No format-specific boilerplate. No juggling `nibabel`, `h5py`, and `tifffile` separately. One consistent interface across every file type you work with.

---

## Features

- 🔍 **Inspect** — shape, dtype, and metadata from any supported file, instantly
- 🖼️ **Preview** — PNG slice from any 3D/4D volume, one command
- 📊 **QA Reports** — per-file stats and warnings (NaNs, constant arrays, zero-dominated volumes)
- 📁 **Batch QA** — scan an entire directory, emit JSON or a self-contained HTML report with thumbnails
- 🩻 **DICOM Support** — single `.dcm` files and full series directories; PHI stripped by default
- 🛡️ **Anonymisation** — `voxelkit anonymise ./dicoms/ --output ./clean/` scrubs PHI in bulk
- 🔄 **DICOM → NIfTI** — `voxelkit convert scan.dcm scan.nii.gz`
- 🧬 **Embedding Analysis** — dead dimensions, outlier samples, collapsed spaces
- 🌐 **REST API** — FastAPI server for HTTP-based workflows
- 🖥️ **Local GUI** — optional Streamlit interface, runs entirely offline

## Supported Formats

| Format | Extensions / Input |
|---|---|
| NIfTI | `.nii` `.nii.gz` |
| HDF5 | `.h5` `.hdf5` |
| NumPy | `.npy` `.npz` |
| TIFF | `.tif` `.tiff` |
| DICOM | `.dcm` file or directory of slices (series) |

## Install

```bash
pip install voxelkit
```

```bash
pip install voxelkit[gui]   # optional Streamlit GUI
```

Requires Python ≥ 3.9.

## Quick Start

```bash
# What's in this file?
voxelkit inspect scan.nii.gz

# Is the data healthy?
voxelkit report scan.nii.gz

# Show me a slice
voxelkit preview scan.nii.gz --plane axial --output preview.png

# Check a whole dataset at once (JSON or self-contained HTML)
voxelkit report-batch data/scans/
voxelkit report-batch data/scans/ --html report.html
```

DICOM workflows:

```bash
# Inspect a single .dcm or a whole series directory (PHI stripped by default)
voxelkit inspect scan.dcm
voxelkit inspect ./series/

# Scrub PHI from every .dcm under a directory
voxelkit anonymise ./incoming/ --output ./anonymised/

# Convert DICOM to NIfTI
voxelkit convert ./series/ volume.nii.gz
```

Or from Python:

```python
from voxelkit import inspect_file, report_file, report_batch

info   = inspect_file("scan.nii.gz")        # also handles .dcm + series dirs
report = report_file("scan.nii.gz")
batch  = report_batch("data/scans/")

# DICOM-specific helpers
from voxelkit.dicom import anonymise_directory, dicom_to_nifti
anonymise_directory("./incoming/", "./anonymised/")
dicom_to_nifti("./series/", "volume.nii.gz")
```

## Full Documentation

Everything else — complete CLI reference, Python API docs, REST API, QA warning explanations, and contributing guide — lives at:

**[arsalaanahmad.github.io/VoxelKit](https://arsalaanahmad.github.io/VoxelKit/)**

## Contributing

Contributions are welcome.

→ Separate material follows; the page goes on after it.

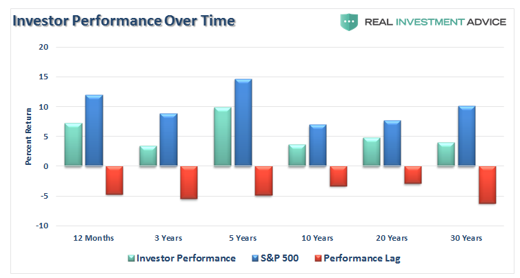 While we previously covered the impact of market cycles, the importance of limiting losses, the role of starting valuations, and the proper way to think about benchmarking your portfolio, the two biggest factors which lead to chronic investor underperformance over time are: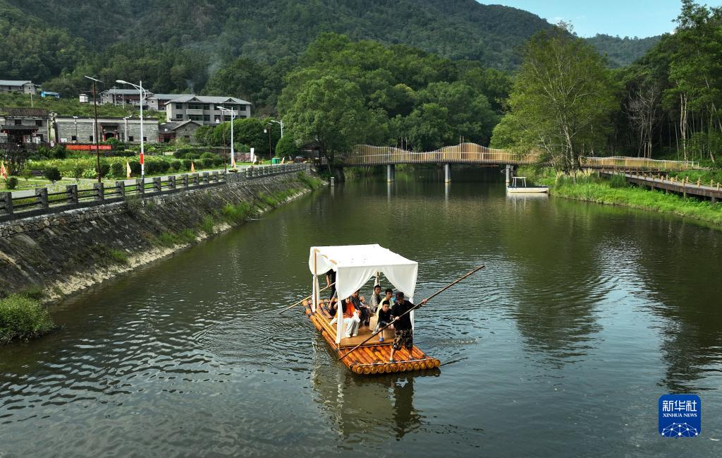 游客在港背村的小溪里體驗竹筏漂流(8月24日攝,無(wú)人機照片)。

See the **[Contributing Guide](https://arsalaanahmad.github.io/VoxelKit/contributing/)** for setup instructions, workflow, and how to report issues.

## Citation

If you use VoxelKit in research, please cite:

```bibtex
@software{voxelkit,
  author  = {Arsalaan Ahmad},
  title   = {VoxelKit},
  doi     = {10.5281/zenodo.19774569},
  url     = {https://github.com/ArsalaanAhmad/VoxelKit},
}
```

## Disclaimer

VoxelKit is a developer and research utility. It is not a clinical decision system and must not be used for diagnosis or treatment.